Sensitivity analyses

Our sensitivity analyses (Supplemental Table 2) showed similar findings as our main analysis: (1) When unconfirmed diabetes were counted as diabetes cases, similar result was seen in both consistent vegetarians (Model 1: HR = 0.54, 95% CI = 0.38–0.76; Model 2: HR = 0.65, 95% CI = 0.46–0.92) and the converted (Model 1: HR = 0.45, 95% CI = 0.29–0.68; Model 2: HR = 0.47, 95% CI = 0.30–0.71). (2) When counting only questionnaire-assessed self-reported diabetes as cases, similar trends were found for vegetarian (Model 1: HR = 0.56, 95% CI = 0.35–0.89; Model 2: HR = 0.69, HR = 0.43–1.11), and the converted (Model 1: HR = 0.49, 95% CI = 0.28–0.87; Model 2: HR = 0.50, 95% CI = 0.29–0.89), though with wider confidence intervals due to a smaller case numbers. (3) Addition of metabolic syndrome to Model 2 showed no substantial change to the result for vegetarians (HR: 0.62, 95% CI: 0.44–0.88) and the converted (HR: 0.49, 95% CI: 0.32–0.75). (4) When age was used as the underlying time scale for Cox regression, similar results were found for vegetarians (Model 1: HR = 0.49, 95% CI = 0.34–0.67; Model 2: HR = 0.60, 95% CI = 0.42–0.86) and the converted (Model 1: HR = 0.45, 95% CI = 0.29–0.68; Model 2: HR = 0.43, 95% CI = 0.28–0.66).

Discussion

In this prospective cohort study, both vegetarian diet and nonvegetarians switching to vegetarian diets are associated with ~50% reduction in risk of diabetes. This trend did not differ across gender, metabolic syndrome, HDL-C, and fasting glucose status. The potential protective effect of converting to vegetarian appeared to be particularly pronounced in those with initially healthier metabolic status. To the best of our knowledge, this is the first study that (1) examined the prospective association between a vegetarian diet and diabetes in high risk Asians, and (2) addressed how switching from a nonvegetarian diet to a vegetarian diet may influences diabetes risk.

Plant-based diets

The magnitude of protective association between a vegetarian diet and diabetes in our study (HR before BMI adjustment = 0.54, HR after BMI adjustment = 0.65) is comparable to the Adventist Health Study – 2 (AHS-2; lacto-ovo vegetarians: OR before BMI adjustment = 0.46, OR after BMI adjustment = 0.62)⁸, and the three Harvard cohorts of US nurses and health professionals (highest vs lowest deciles of healthy plant-based diet index: HR before BMI adjustment = 0.55, HR after BMI adjustment = 0.66)⁹. In all these studies, BMI appears to account for only a small portion of the protective association, as the results in all these studies are only slightly attenuated after BMI adjustment. The BMI-independent protective effect is also confirmed in a trial using the Mediterranean diet¹⁸—another healthy plant-based diet. These studies, together, suggest that vegetarian or healthy plant-based diets may exert protective effect beyond just BMI.

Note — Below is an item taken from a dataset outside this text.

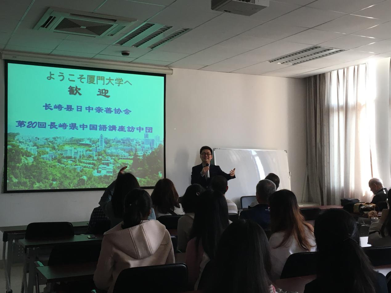 2018年3月24日,应厦门市人民对外友好协会邀请,日本长崎县日中亲善协会组织的“第20届长崎县汉语讲座学生代表团”一行15人莅临厦门,与我院日语系师生进行交流,并与同学生们一起参观了美丽的校园。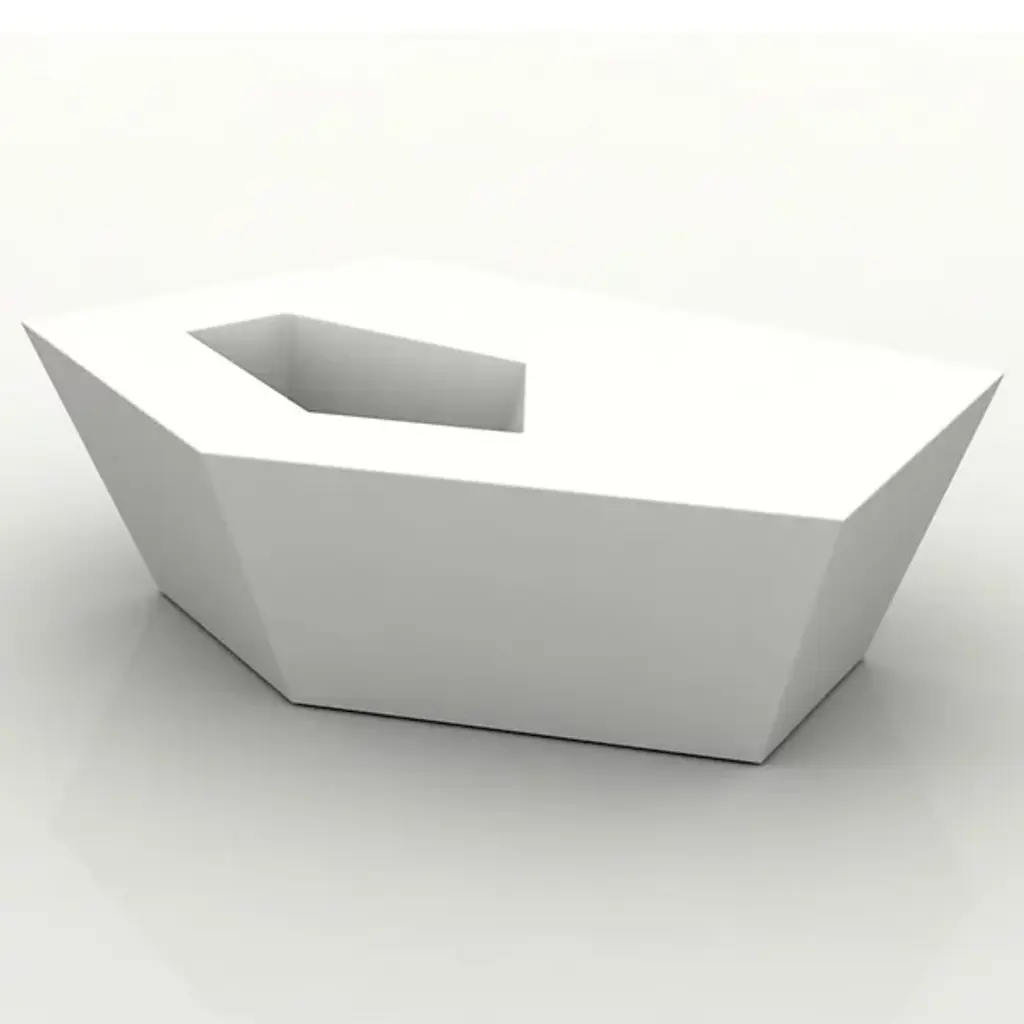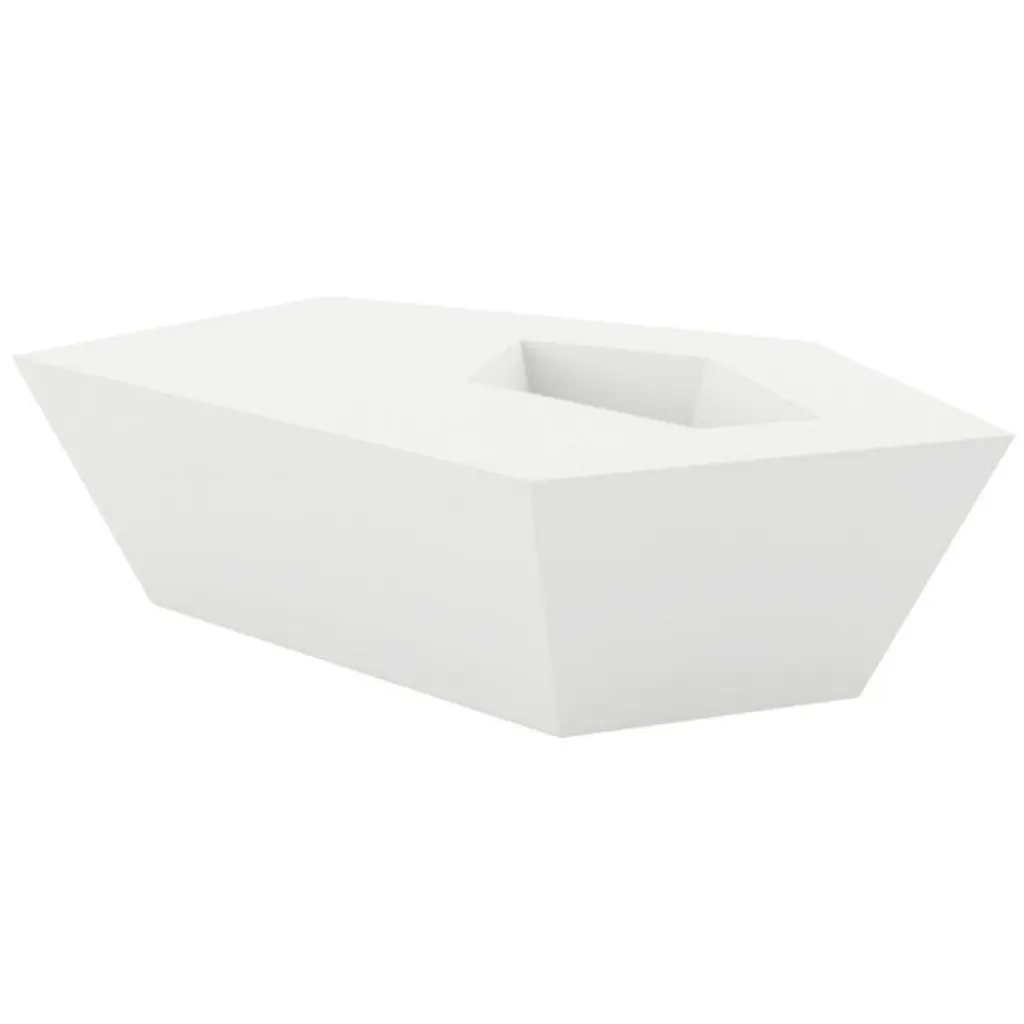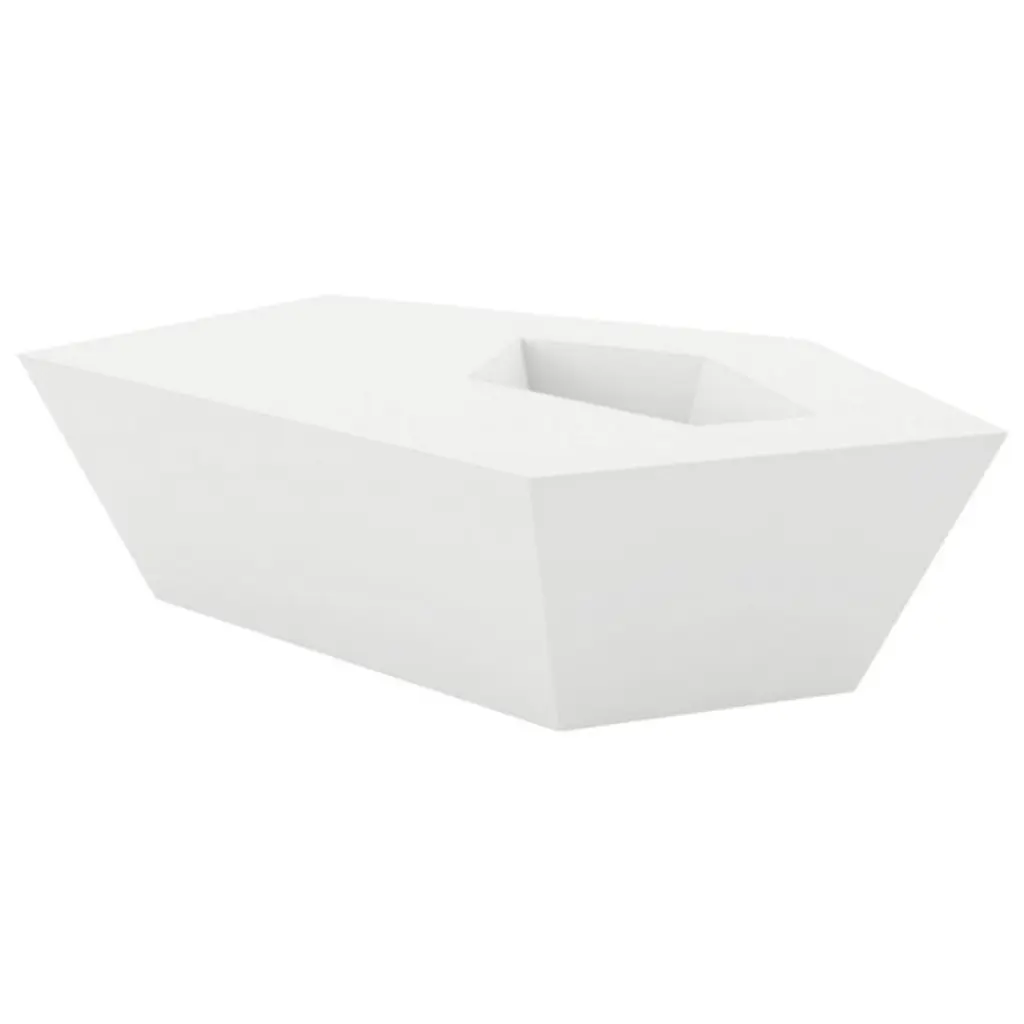 The Vondom Faz Sun Chaise Table has the perfect proportions to complement the low Faz Sun Chaise. This angular little side table is made entirely out of rotation molded polyethylene in a smooth matte White color. A unique cavity molded into the table top is put to great use as a small planter or impromptu ice bucket.

Vegetarians in our cohort and in AHS-2 consumed more whole grains and vegetables than nonvegetarians^{15, 19}, and these may protect against diabetes through higher fiber and magnesium²⁰, as deficiency in magnesium may impair insulin signaling²¹. In addition, soy is a major source of protein for Taiwanese vegetarians, and soy has been shown to improve insulin resistance when replacing meat in randomized controlled trials^{22, 23}. Soy and legume are inversely associated with risk of diabetes in a Chinese cohort²⁴. A vegetables-fruits-soy dietary pattern is inversely associated with diabetes incidence in Singaporean Chinese¹⁷.

Meat and fish

Although the protective association is likely caused by various plant components, it may have resulted partly from the simultaneous elimination of meat, as components of meat and fish may affect both insulin secretion and insulin resistance. Meat is high in saturated fats, which have been shown to trigger human β-cell apoptosis²⁵. Fatty acids from meat have been adversely associated with insulin secretion and Disposition Index (β-cell function accounting for insulin sensitivity)²⁶. A trial showed that while plant polyphenol improves glucose metabolism, fish omega-3 fatty acids decreases insulin secretion and postprandial GLP-1²⁷. Besides insulin secretion, high intakes of animal protein may induce insulin resistance through 3-Hydroxyinsbutyrate (a valine metabolite) and fibroblast growth factor 21²⁸. The positive association between animal protein and type 2 diabetes has also been confirmed in a recent prospective cohort study and an updated meta-analysis²⁹.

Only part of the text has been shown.